Empreendimentos serão instalados no Instituto SENAI de Inovação em Joinville e são resultado de parceria entre o SENAI/SC e a Petrobras; o anúncio dos investimentos é nesta sexta-feira (6), em evento com o presidente da FIESC, Gilberto Seleme, e o governador Jorginho Mello, às 11h, no Instituto SENAI em Joinville

SC conquista centros tecnológicos de R$ 385 milhões para setor de óleo e gás

Empreendimentos serão instalados no Instituto SENAI de Inovação em Joinville e são resultado de parceria entre o SENAI/SC e a Petrobras; o anúncio dos investimentos é nesta sexta-feira (6), em evento com o presidente da FIESC, Gilberto Seleme, e o governador Jorginho Mello, às 11h, no Instituto SENAI em Joinville

Com investimentos de R$ 385 milhões, Joinville se transformará em um polo de tecnologia de excelência em desenvolvimento de equipamentos de grande porte para o setor de óleo e gás. Três centros tecnológicos serão instalados no Instituto SENAI de Inovação e são resultado de parceria entre o SENAI/SC e a Petrobras.

O anúncio dos investimentos é nesta sexta-feira (6), em evento com o presidente da FIESC, Gilberto Seleme, e o governador Jorginho Mello, às 11h, no Instituto SENAI em Joinville.

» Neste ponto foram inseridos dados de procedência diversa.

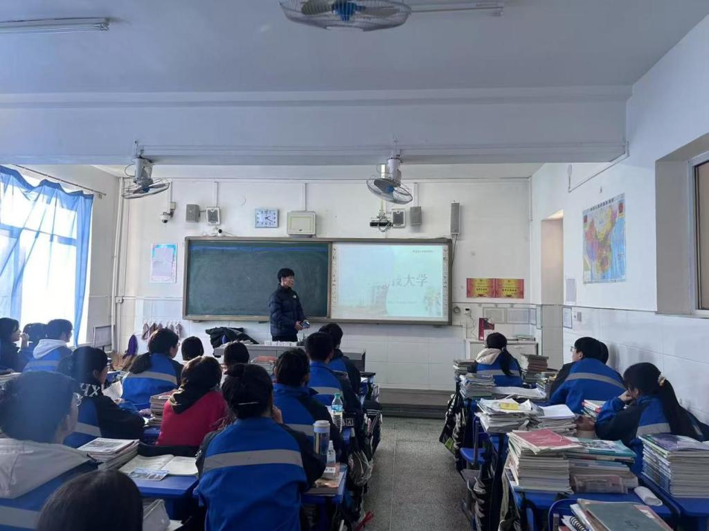 1月9日至14日,由赵天琦、姜山、卜凡曈、唐佳凝四位同学组成的“思源领航队”在阜新市高级中学、孟子湖中学、阜蒙县第二高级中学、凌源中学开展了“把我的大学带回母校”实践活动。他们按照实践计划,通过演讲宣传的形式,将开元平台的教学实力、师资力量、校园环境、生活起居介绍给了学弟学妹们,激发了他们对开元平台的好奇心和热情。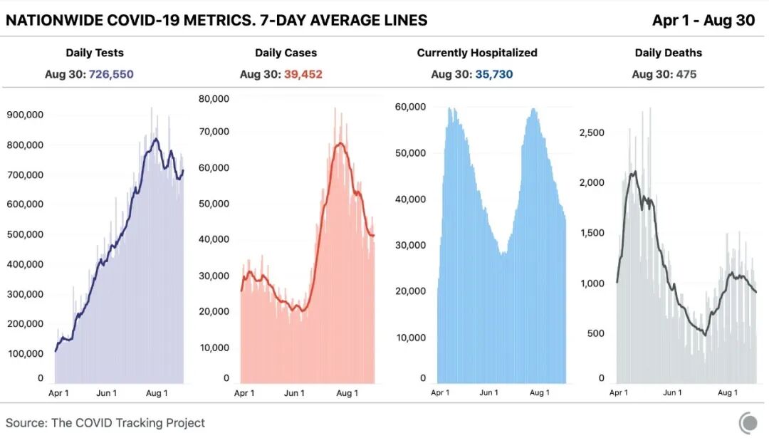 美国还远远没有打败新冠,但是对新冠病毒的脾气有了更多的了解,应对的武器和策略在增多。留下的教训和总结,不同的人会有不同的切入角度,而此文主要是给大家提供一些数据参考。

Entre as estruturas, está o Centro Tecnológico de Manufatura e Sistemas Cibermecânicos (Cetemo). O projeto, apresentado pelo SENAI de Santa Catarina, foi selecionado em chamada pública da Petrobras, em nome do Consórcio Libra - parceria entre a estatal, a Shell Brasil, TotalEnergies, CNPC Brasil Petróleo e Gás e CNOOC Petroleum Brasil.

O Cetemo, orçado em R$ 283 milhões, se une aos Centros Tecnológicos de Robótica e a Laser, que também são resultado de parceria entre os Institutos SENAI de Inovação em Joinville e a Petrobras. Os acordos foram firmados em 2023 e os dois centros estão em fase de implantação, com mais de R$ 102 milhões em investimentos. Essas duas estruturas estarão focadas na evolução tecnológica em manutenção aditiva a laser e robótica para o setor de óleo e gás. Entretanto, outros segmentos industriais, como o automotivo, aeroespacial, energia, naval, mineração e de transporte, também serão beneficiados.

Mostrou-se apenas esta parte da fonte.